Doug Flutie needs no introduction.

He spent last year on the bench, except for playing in one replacement game, but he's still one of the most famous players in the National Football League.

Flutie's storybook Heisman Trophy career at Boston College, including "The Pass" that beat Miami in the Orange Bowl on the final play in 1984, made him a household name.

Flutie has done just about everything on a football field except prove he can play in the NFL.

He's still trying to live down the reputation that he's too short at 693/4 inches to make it in the NFL.

"Sportswriters can play with the height thing all they want, but it has nothing to do with playing football," he said. "Am I talented enough to play in the NFL? I believe so."

Flutie may finally get his chance to prove it in training camp with the New England Patriots.

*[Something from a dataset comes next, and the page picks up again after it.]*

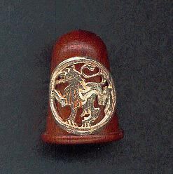 Wooden thimble with silver applied disk. Mahogany - reddish brown - thimble with raised rim , lovely grain, rounded top without knurling. Large silver cut out disk of lion applied to body of thimble. No marks.

Flutie has spent his career with the pros being rushed into the lineup: with the New Jersey Generals of the United States Football League in 1985, the Bears in 1986 and the Patriots last year for the final replacement game.

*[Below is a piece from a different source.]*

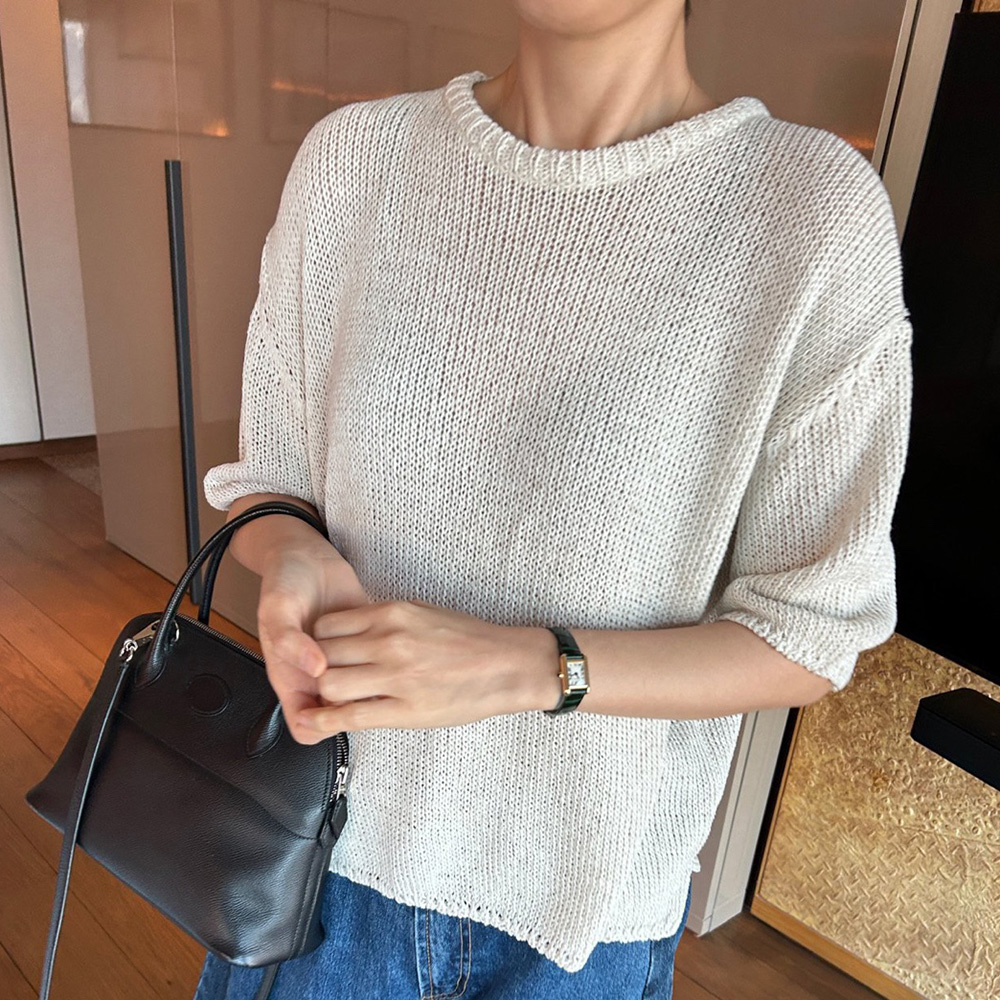 포레스트 라운드 린넨 니트 여름 메쉬 5부소매 니트티

In this year's camp he'll work at a regular pace and will get a long look. Tony Eason is sidelined with nerve damage in his arm, Steve Grogan turns 35 next Sunday and doesn't need a lot of work in the exhibition games and Tom Ramsey has had a lot of work in the past.

Once and for all, Flutie should get his chance to prove whether he's an NFL player.

Flutie got a confidence boost watching Washington beat Chicago with Jim McMahon at quarterback in the playoffs last January. A year ago, the Bears blamed Flutie for the loss to the Redskins.

*** MORE QUARTERBACKS: The Jay Schroeder trade rumors will be swirling all during Washington's camp.

Looking at the quality of the quarterbacking in some of the other camps, it's easy to see why Schroeder could be in demand.

The Raiders have Vince Evans, Steve Beuerlein and Rusty Hilger; the Chargers have Mark Malone, Mark Vlasic and Babe Laufenberg; the Packers have Marc Wilson, Randy Wright and Don Majkowski; Pittsburgh has Todd Blackledge and Bubby Brister; Indianapolis has Jack Trudeau, Gary Hogeboom and Mark Herrmann; and Kansas City has Bill Kenney and Steve DeBerg.

There are obviously a few teams hurting at the position.

If Doug Willliams' knees hold up, it won't be surprising if any of those teams come after Schroeder.

*** EVEN MORE QUARTERBACKS: Jim Kelly is having an off-season he'd like to forget.

He wasn't able to throw much after being injured in the Pro Bowl, and he finally held a workout before a group of reporters to try to end rumors that his career was in jeopardy. He said his arm was 90 percent and he'd be ready for camp.

Now he won't be ready. He suffered a freak injury to his right ankle while signing autographs and playing catch with youngsters at a promotional event in Boston a week ago.

The ankle was sprained and he won't be ready to practice at full speed until after the Bills' preseason opener against Houston Aug. 4.

With Kelly out, Maryland's Frank Reich will get an opportunity to show what he can do.

*** JIMBO JUNK: McMahon has a new look this year: a goatee. He also has a No. 9 earring. He's marketing the earring as a McNine. Be the first in your neighborhood to get one.